# **Streamline Your Coding Workflow**
![CLworkflow.png](attachment:c3ac8a50-5a4c-46d6-bd57-62f726f43f49.png)


<div class="alert alert-block alert-success">

    
</div>


### **1, Able to run parts of code without needing to rerun the entire script.**
- Put pieces of code in individual cells and run them separately.<br>
- Add, move, merge, split and delete code cells to build up your script piece by piece.<br>
- Collapse the outputs or display the outputs in a separate view.<br>
- Open and view different part of the script in a synced clone file.  <br>
- Write a lot of annotations in between blocks of code (and insert charts and pictures too).<br>
- Run internal and external commands in the cell without leaving the interface. (e.g., pip install, pwd, cd..)

In [None]:
notes = "Hello, CL group!"    # run some code

In [None]:
print(notes)          # check results without running the above code again.

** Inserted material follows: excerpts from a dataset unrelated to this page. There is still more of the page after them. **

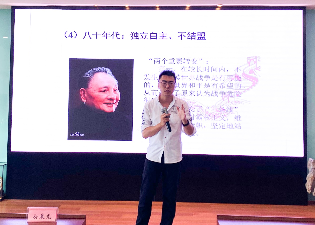 孙晨光老师以“党史与大国外交”为主题给同学们带来精彩的党课。孙老师按照时间脉络详细介绍了新中国的“一边倒”外交政策,六十年代的“两个拳头打人”、七十年代的“一条线”“一大片”、八十年代的“独立自主,不结盟”、九十年代的“韬光养晦”以及迈入新世纪的“全方位外交”政策变化背后的具体原因与历史故事。授课过程中,孙老师用诙谐幽默的语言,生动诠释了具有中国特色的大国外交。
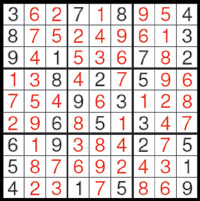Điền vào các ô còn trống sao cho mỗi hàng, mỗi cột và mỗi miền đều chứa 9 con số (không lặp lại) từ 1 đến 9.
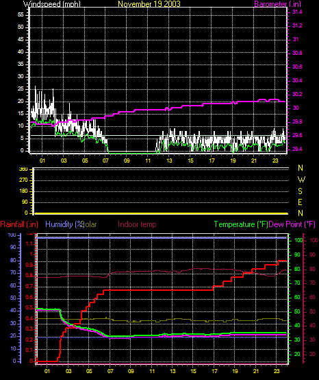 Maximum windspeed = 18.4 mph from 169°( S ) on day 19 at time 00:25
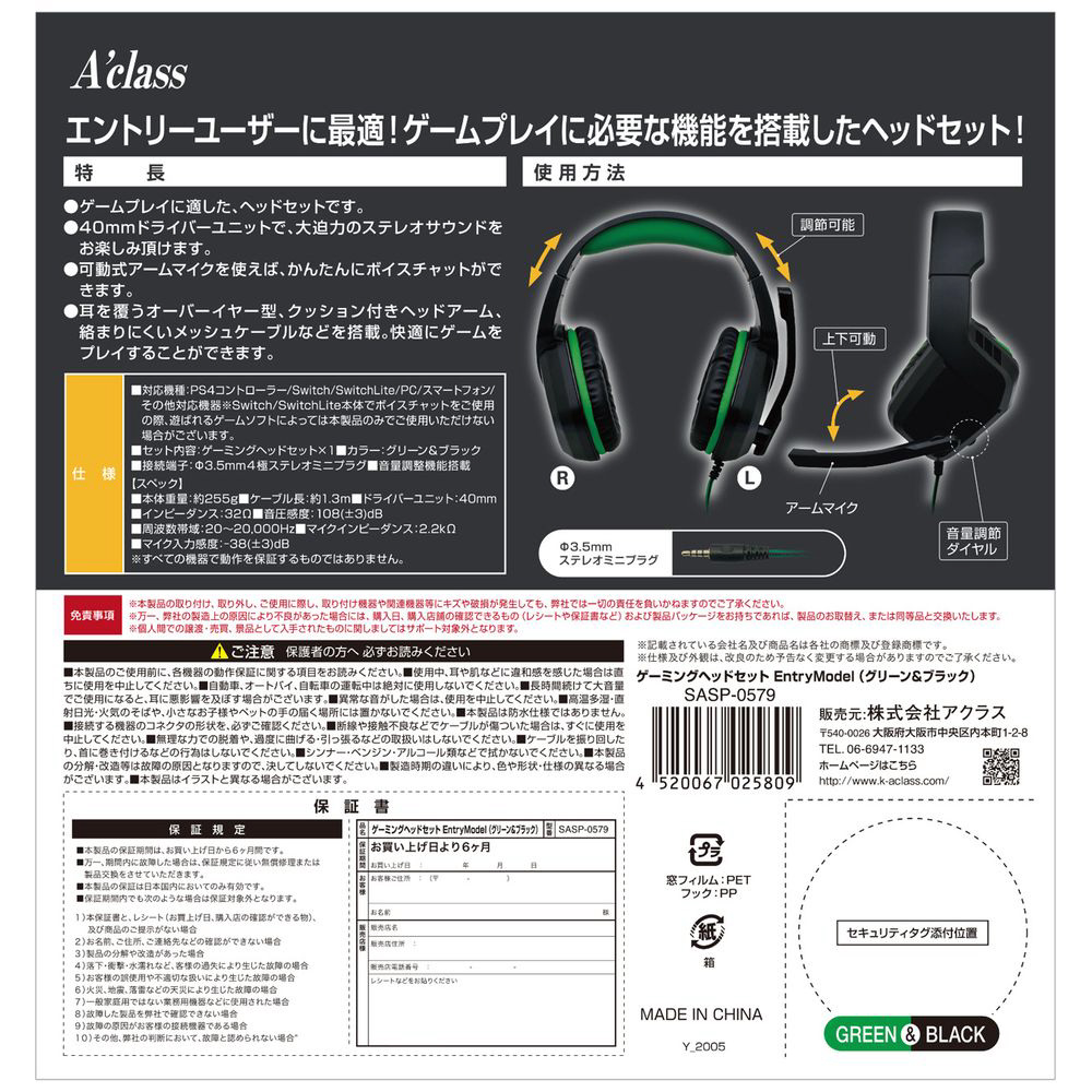 | 型番 | ヘッドセットENTRYグリーン |
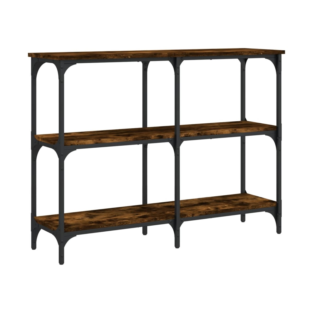 Añade un toque de elegancia a la entrada, el salón o el pasillo con esta elegante mesa consola. Material duradero: La madera de ingeniería tiene una calidad excepcional, con una superficie lisa, y también se caracteriza por su fuerza, estabilidad y resistencia a la humedad. Hecha de madera de ingeniería, la mesita de sofá es fácil de limpiar.Amplio espacio de almacenaje: La mesa de recibidor ofrece un amplio espacio de almacenaje para mantener bien organizados y al alcance revistas, libros, artículos decorativos y otros objetos de uso diario.Patas ajustables: La seis patas regulables, con tacos de plástico, mantienen equilibrada la mesa de pasillo en terrenos irregulares y aumentan su estabilidad.Estructura metálica: La estructura metálica añade un estilo industrial a la casa, además de garantizar su durabilidad y estabilidad. Advertencia:Para evitar que vuelque, este producto debe usarse con el dispositivo de fijación a la pared incluido.

Like running Python in an interpreter, you do not need to type print() to display the output of a printable object.

In [None]:
notes

In [None]:
notes[7:9]

In [None]:
import math
print(math.pi)

In [None]:
math.pi

In [None]:
"blah..."*10

In [None]:
pwd   #show current working directory


<div class="alert alert-block alert-info">

</div>

#### Read in text

In [None]:
# read in a txt file and do some simple clean up
import re
import csv
with open("locness_new.txt", encoding='utf-8-sig', errors='ignore') as f:
        text = f.read().lower()                
        text = re.sub('<.+>\n', '', text)
        text = re.sub('\n', ' ', text) 
        

In [None]:
print(text)   

#### Split text into word list and caculate tokens.

In [None]:
text_list = re.split(r'[\s|\']', text)     # split text by white space                  
tokens = len(text_list)

In [None]:
print(tokens)

In [None]:
sent_list = re.split(r'[\.|!|?]\s', text)   # split text by sentence end punctuation.

In [None]:
print(len(sent_list))

In [None]:
sent_list[0:10]

In [None]:
tokens/len(sent_list)    # number of words per sentence

#### Pattern extraction example: find "in order + verb + the" phrases in text, extract the phrases and the verbs.

In [None]:
# use re.DOTALL to find pattern in multiple lines, use () to capture groups, negative lookbehind ?! to exlude "be" 
re.findall(r"(\bin order to\b\s(?!be)(\w+?)\s\bthe\b)", text, re.DOTALL)   

<div class="alert alert-block alert-danger">

    
</div>

#### **2, Use tools to simplify coding**
- Libraries<br>
Example: **TextBlob** [Link to TextBlob Documents](https://textblob.readthedocs.io/en/dev/quickstart.html)<br>
- Plugins<br>
- Modules<br>
Example: **Counter()**

In [None]:
# run the following commands to install TextBlob and download basic function corpora

!pip install -U textblob
!py -m textblob.download_corpora lite

In [None]:
from textblob import TextBlob
blob = TextBlob(text)  # Make text into a TextBlob object, then everything starts from there.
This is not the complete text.